Looked through the ports and elsewhere but cannot locate any, else I'm missing them.

Any pointers to such programs / info would be greatly appreciated.

FBSD 7.1-R, Promise TX4-300 Sata ... No M$!

Thanks

-Enjoy
fh  : )_~


----------



## ale (Jan 22, 2009)

sysutils/diskcheckd ?


----------



## FestusHagen (Jan 23, 2009)

ale said:
			
		

> sysutils/diskcheckd ?



Thanks, This really does not do what I am looking for ... This only reads the current data to ensure it's readable.

I am looking for something that writes and reads to each sector multiple times verifying it's own written data to ensure the sector is stable.

Thus, if there is data in the sector it needs to lift the data test the sector and lay the data back down.

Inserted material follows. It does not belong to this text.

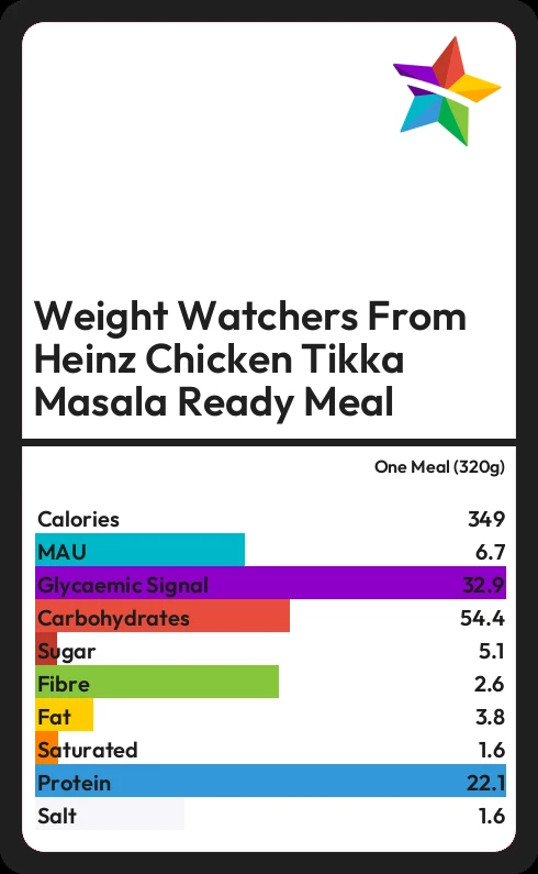 Weight Watchers From Heinz Chicken Tikka Masala Ready Meal contains 348.8 calories in one Meal (320g).

My data is safe elsewhere so I really don't care if it can't work in a data safe manner.

Thanks

-Enjoy
fh  : )_~


----------



## cy@ (Jan 25, 2009)

Try sysutils/smartmontools. It works with SMART capable drives at the firmware level.


----------



## aragon (Jan 25, 2009)

DOS boot disk and scandisk?


----------



## zuborg (Jan 27, 2009)

sysutils/e2fsprogs

Here is badblocks tool, it is able to do r/o or r/w disk test for badblocks


----------



## graudeejs (Jan 19, 2010)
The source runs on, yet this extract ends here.